1. Clearly you didn't mean to say that observer bias is irrelevant in the end? Regardless of how consistent the 'methodology' is? Did you mean that observer bias becomes harder to detect due to smoothing?

2. Thank you for clarifying this nonsense. Your quote in Deming refers to a study confirming the existence of observer bias. That's it. Of course it would compare the blinded vs. non-blinded assessors and would find that the blinded assessors were unbiased and the non-biased assessors were biased. That's it? Nobody on this thread doubted the existence of observer bias. Your claim (that you were trying to back up I thought?) was specifically that you were able, by simply looking at 2013 DCI scores, to detect observer bias, and in fact deliberate tampering (presumably by the judges).

I suppose it should be trivial for you to crunch some numbers and demonstrate this bias. The irony is that it may be possible to detect bias with actual analysis. Who knows? Please enlighten us. Numbers please.

Good grief! Again regurgitating last year's nonsense. Observer bias is not irrelevant; but, in a regulated process, it's effects are. Slotting is a form of observer bias. In fact, it is perhaps a form of bias used to counteract bias, but observer bias nevertheless. YOU already provided the numbers and even alluded to them in the chart you published a few pages back. Look at the spikes you had mentioned. Those spikes occurred across several corps at the same event on several occasions. A single assessment of those events would erroneously assume either an incompetent judge or the fix was in. However, those spikes settled back into stability at the following event, significantly lower but still with a respectable amount of growth. In layman's terms, the bias corrected itself and a straight line superimposed from immediately prior to immediately after gives an assessment of the slope of change. A single spike is evidence of error/failure/or other special cause variable. Your example showed 4 very distinct occurrences of 4-5 corps eliciting concurrent, equidistant spikes. That is very clear evidence of an attempt to preserve the overall spacing and range. THAT is slotting. It is NOT blindly pegging a position for a corps. It is perhaps why other sports I had mentioned use more of a mean-based system, often tossing the lowest and highest. They've found a method that prevents judging oneself into a corner. "Tampering" by the way, is jargon to indicate any intervention when process measurements appears to move out of control.

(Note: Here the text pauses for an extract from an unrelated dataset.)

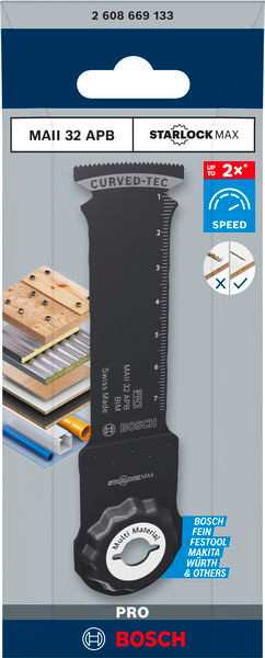 Schnelles Schneiden von Holz, weichem Metall und Kunststoff! Bi-Metall Blatt: Kombiniert harte Zähne mit flexiblem Blattkörper Profis, die mit Multifunktionswerkzeugen Tauchschnitte, Bündigschnitte und präzise Ausschnitte ausführen möchten, benötigen ein ebenso vielseitiges Blatt, das diese Aufgaben hervorragend meistert: Das PRO MAII 32 APB ist nicht nur in vielen Materialien äußerst leistungsfähig, sondern bietet auch eine hohe Schnittgeschwindigkeit für maximale Effizienz.

And since you have obviously missed a few math classes, you've also missed a few English ones too. As I have REPEATEDLY stated, over time, biases observed in individual trials, under consistent mechanisms, DO stabilize about a mean. And yes, statistical models do apply to all data, subjective or otherwise as they relate to themselves over time, and show that at the end of the season, the judges get it pretty right. If anything, slotting during individual trials would preserve this end of season result by acting as the consistent mechanism to allay the Avon Effect - counteracting the influencing of an assessment based upon a perceived notion of where that assessment stands in relation to a previous assessment; or, score inflation/deflation by comparing to another corps. Am I saying the fix is in? Absolutely not. Am I saying it is an unspoken policy? Absolutely not. But, it would be silly to assume that "fixes" aren't employed to keep the overall process intact. I've never seen anyone so stubbornly argue with someone that is supporting your end result. I suggest you lay low.

Edited by 13strokeroll
  • Like 1
Link to comment
Share on other sites

I know a little about statistics, but not the degree being discussed here. Seems there is a simpler explanation, since humans are involved, a time range is involved, and a cap on the high score is involved. Whoever wins is going to be somewhere between 97 (split captions) to 99 (if a corps wins every caption) in the scoring range, with each caption being 9.8-10.0. Back up to the start of the season, pace the scoring so you don't enter box 5 before Atlanta, and so forth. Sure seems like that combined with season long improvement plus judge variability can account for the trends we see.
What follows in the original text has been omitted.